Basic mechanical properties will be examined in class, including strength, fatigue, toughness, hardness, ductility, brittleness, elasticity, and plasticity. Mechanical properties determine how a material responds to force. They affect the material's strength. Other types of properties include acoustical, chemical, electrical, magnetic, optical, physical, and thermal properties.

For this unit, the main focus will be on mechanical properties, but the other types are very important to engineers as well. Acoustical properties determine how a material reacts to sound waves; a few examples are acoustical transmission (a materials ability to transmit sound waves) and reflectivity (a materials ability to reflect sound waves… some materials will absorb the energy while others bounce the waves off).

Chemical properties determine how a material will react to one or more chemicals in the outside environment. Some common chemical properties include chemical activity, corrosion resistance, and solubility.

Electrical and magnetic properties determine how a material will react to electrical and magnetic forces; such as electrical conductivity and magnetic permeability (also known as magnetic conductivity).

Optical properties determine how a material will react to light waves. These properties include color, optical transmission, and reflectivity.

Physical properties are characteristics of a material such as size, shape, density, moisture content, and porosity.

Thermal properties determine how a material will react to heating and cooling. Thermal properties include thermal conductivity, thermal shock resistance (how well a material can handle a sudden or significant change in temperature), thermal expansion, melting point, and boiling point.

Mechanical Properties

A material’s strength is its ability to keep its shape, even when a force is applied. Four kinds of force may be applied to a material. Tension is a force that pulls on a material. Compression is the opposite of tension. It’s a force that pushes on or squeezes a material. Torsion is a force that twists a material. The twisting force itself is called torque. The last force, shear force is created when one part slides in one direction and the other part slides in the opposite direction.

Fatigue is the progressive and localized damage that occurs when a material is subjected to cyclic loading (repeated flexing or bending). Fatigue strength refers to a materials ability to resist failure after repeated bending or flexing. If you have ever taken a paper clip and bent it back and forth, it will eventually snap from too much stress.

Toughness is the capacity of a material to absorb energy without breaking. Think about a bad piece of steak. If you keep chewing and the fibers of the meat don’t break down easily, we would say the meat is tough.

Hardness is a material's ability to resist being scratched or dented. Diamonds are the hardest material known. Products like saw blades and drill bits must be hard, otherwise, they would not have the ability to cut through materials. Some drill bits made of steel are used to bore holes in steel. To do this, the steel bit must be harder than the steel that is being drilled.
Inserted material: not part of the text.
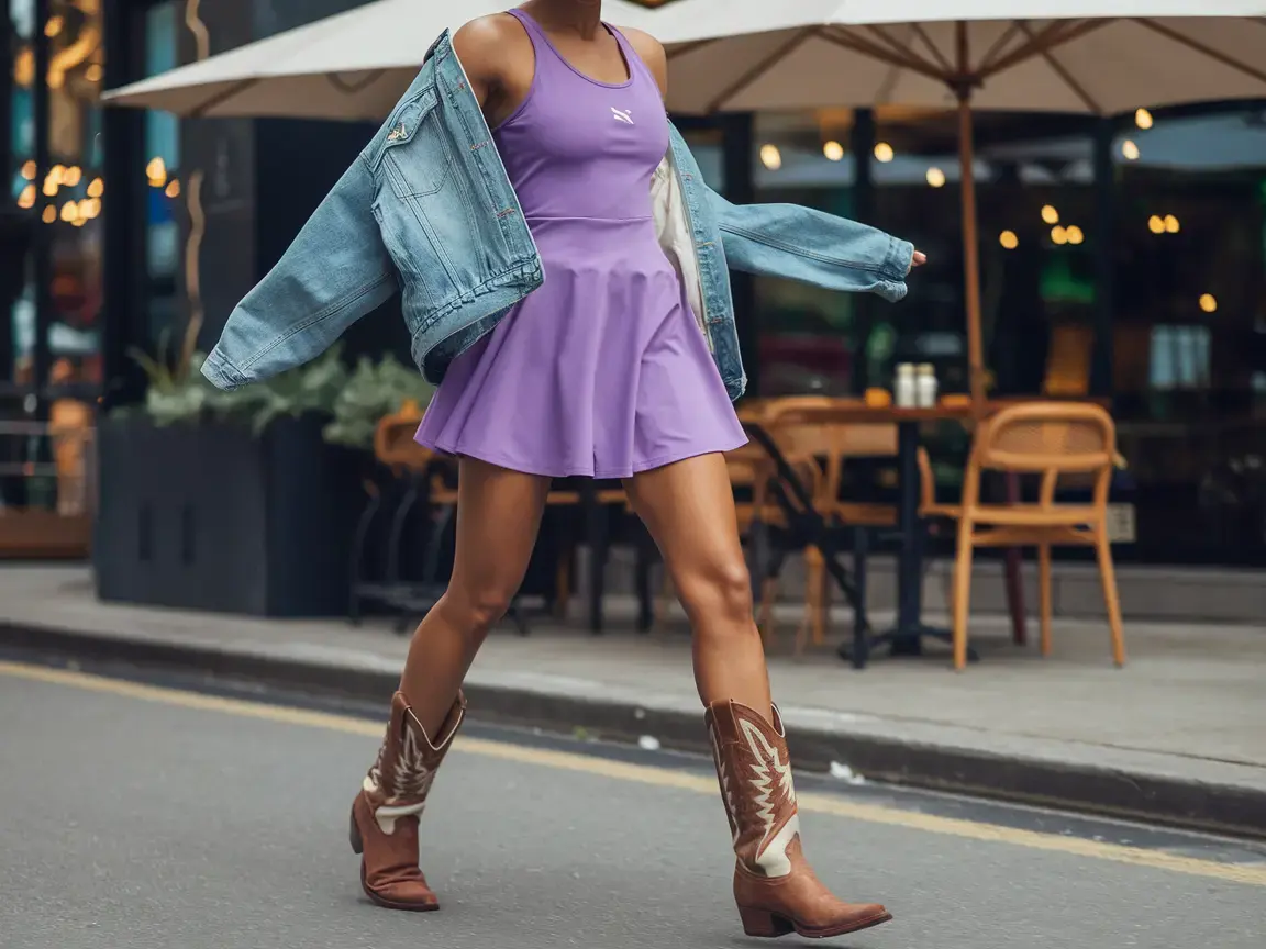 Blending sporty and Western styles, a tennis dress keeps things playful. The short, flared silhouette contrasts nicely with the boots. Add a denim jacket for an extra layer of style.

A material that can be twisted, bent, or pressed without breaking is said to be ductile. Metals can be quite ductile. Pots and pans begin as a flat sheet and are formed into the desired shape. A wire is made from a thick rod which is “drawn” through increasingly smaller dies to make the desired size.

A material that lacks ductility is said to be brittle. Brittle materials are inflexible, easily shattered or broken, and will not deform without breaking. A good example is window glass. If you have ever seen a window get hit by a rock or baseball, it shatters.
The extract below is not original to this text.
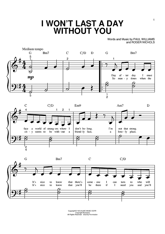 "I Won't Last A Day Without You" Sheet Music by The Carpenters

Ductile materials are either elastic or plastic. A material that can be bent or stretched and then returned to its original shape is said to be elastic. Elasticity is the quality of being flexible. Plasticity is similar. Materials with plasticity stay deformed even after a force that shapes them has been removed. The material that we call plastic was named after this property, but there are a number of other materials with this characteristic.